[way off-topic] legal disclaimers [Was: Re: Using Red hatEnterprise Linux (RHEL) at home]
Lelegard Thierry
Thierry.Lelegard at nagra.fr
Mon Jan 24 09:47:10 UTC 2005
> On Fri, 2005-01-21 at 12:28 -0500, Deron Meranda wrote:
> > On Fri, 21 Jan 2005 11:20:01 -0600, Aleksandar Milivojevic
> > <amilivojevic at pbl.ca> wrote:
> > > Lelegard Thierry wrote:
> > > > This message and any attachments (the "message") is
> intended solely for the
> > > > addressees and is confidential. If you receive this
> message in error, please
> > > > delete it and immediately notify the sender.
> > > > Any use not in accordance with its purpose, any
> dissemination or disclosure,
> > > > either whole or partial, is prohibited except formal approval.

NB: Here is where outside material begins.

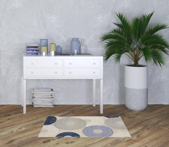 Add great coloration and comfortable texture to your space with this 3-foot x 4-foot ivory blue and gray geometric indoor outdoor area rug. This rectangle shaped rug features a geometric design in ivory blue and gray to give it visual interest. A classic shape marries with good looking design for your space area rugs help to give warmth and sense of home to your space. 32-inch H x 48-inch W x 0.25-inch D

> > > > The E-Mail transmission can not guarantee the integrity
> of this message.
> > > > NAGRA FRANCE will not therefore be liable for the
> message if modified.
> >
> >
> > Yes, email "legal" disclaimers are usually pretty stupid and
> > mostly non-legally binding. You might want to see
> >
> > http://www.goldmark.org/jeff/stupid-disclaimers/
> >
> > I suppose there could be some legitimate ones, perhaps for
> > Government stuff. But for the most part they are nothing more
> > than an expression of some lawyer trying to show how powerful
> > he is without regarding any common sense.
> ----
> There are only 2 ways that disclaimers are put at the bottom
> of an email
> message.
>
> 1 - Either the end user has it put in as his signature -
> whereby he can
> have another signature for mail lists without this disclaimer and is
> rude for not doing so to mailing lists
> or
> 2 - The 'company mail server' appends the signature to each outgoing
> mail (often claimed by the transgressors) which constitutes an
> adulteration of the original message and thus is of suspect validity
> anyway.
>
> In reality, regardless of how stupid, how worthless, how ineffective,
> how unsupportable it may be in litigation, they will endure and I have
> little power to stop them so I will waste no more time ranting about
> them.
Being the one whose message provoked this flame, I confirm that item
2 is the right one: One company mail server appends this useless
disclaimer to *all* outgoing messages. You should see it again in
this message, although I do not see it while typing this message.
I am not the systeme administrator and I cannot do anything about
that.
Let me note that my message was a reply to a question in this list,
providing information to someone who requested it. In short, if I get
flamed about some stupid disclaimer that I did not want anyway when
I try to help someone, maybe the solution is to stop trying to help.
So please, stay focus on the message, not on the envelope.